Definitely not a problem. I was just curious because the setup of the PTM data indicated 3 fractions, as you mentioned.

Devon

devonjkohler commented 2 years ago

Hi @thijss96,

I have implemented and pushed a fix for the MaxQ converter problem. There were two main fixes I added. The first is that I added a unique annotation file for the PTM run for cases like yours where the experimental design is different between the modified and unmodified runs. The second is a naming convention in the columns named Reporter.intensity.count.1.1___1. All the MaxQ data I have seen has different forms of these columns so the converter needed to account for the different naming forms (ie some were in the form of Reporter.intensity.count.1.TMT1phos___1 or Reporter.intensity.count.1.TMT1___1). I've just added a couple parameters to specify the unique naming convention in each dataset.

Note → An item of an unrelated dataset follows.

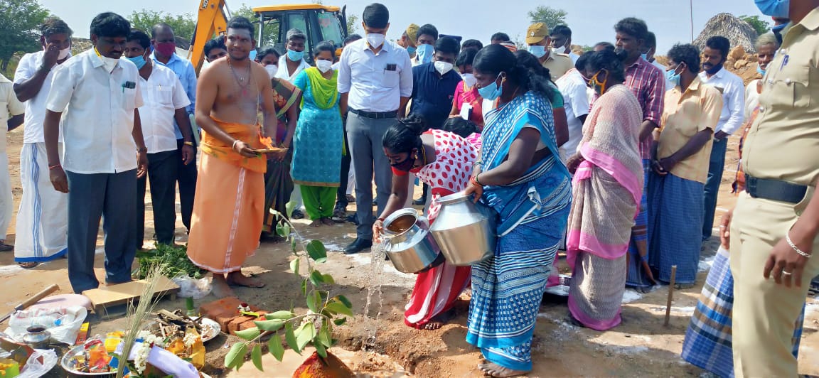 திருவண்ணாமலை மாவட்டம் செங்கம் அடுத்த கரியமங்கலம் ஊராட்சி பெரியகுளம் பகுதியில் வசிக்கும் பழங்குடியின வகுப்பைச் சார்ந்த 23 பயனாளிகளுக்கு தமிழக முதலமைச்சரின் பசுமை வீடு திட்டத்தின் கீழ் 1.35 கோடி மதிப்பீட்டில் வீடு கட்டும் பணியினை மாவட்ட ஆட்சியர் சந்தீப்நந்தூரி பூமி பூஜை செய்து துவக்கி வைத்தார்.

With that being said I have pushed the fixes to both github and Bioconductor. The Bioconductor fix will take a day or two to propagate, so feel free to install the package directly from github in the meantime. Please see the code below on exactly how you can convert your specific data.

Best, Devon

test <- MaxQtoMSstatsPTMFormat(sites.mq,
                        annotation.ptm,
                        evidence = mq.evid,
                        proteinGroups = mq.pg,
                       annotation.prot = annotation.mq,
                       mod.num = 'Single',
                       TMT.keyword = "", ## specify first part of TMT1phos naming convention
                       ptm.keyword = "") ## specify second part of TMT1phos naming convention
thijss96 commented 2 years ago

Hi @devonjkohler

This is great! Thanks for the fix. I will get going with it after my holidays next week and will keep you posted on the progress, if you're interested.

Cheers, Thijs

thijss96 commented 2 years ago

Hi @devonjkohler Should the keywords be presents in the cahnnel names? I get another error now:

Error in vecseq(f__, len__, if (allow.cartesian || notjoin || !anyDuplicated(f__, : Join results in 468288 rows; more than 234240 = nrow(x)+nrow(i). Check for duplicate key values in i each of which join to the same group in x over and over again. If that's ok, try by=.EACHI to run j for each group to avoid the large allocation. If you are sure you wish to proceed, rerun with allow.cartesian=TRUE. Otherwise, please search for this error message in the FAQ, Wiki, Stack Overflow and data.table issue tracker for advice.

Might this be because of identical channel names between the phospho-data and global data?

thijss96 commented 2 years ago

Too bad this is in the end closed. I would still be curious to use MSstatsPTM for my dataset.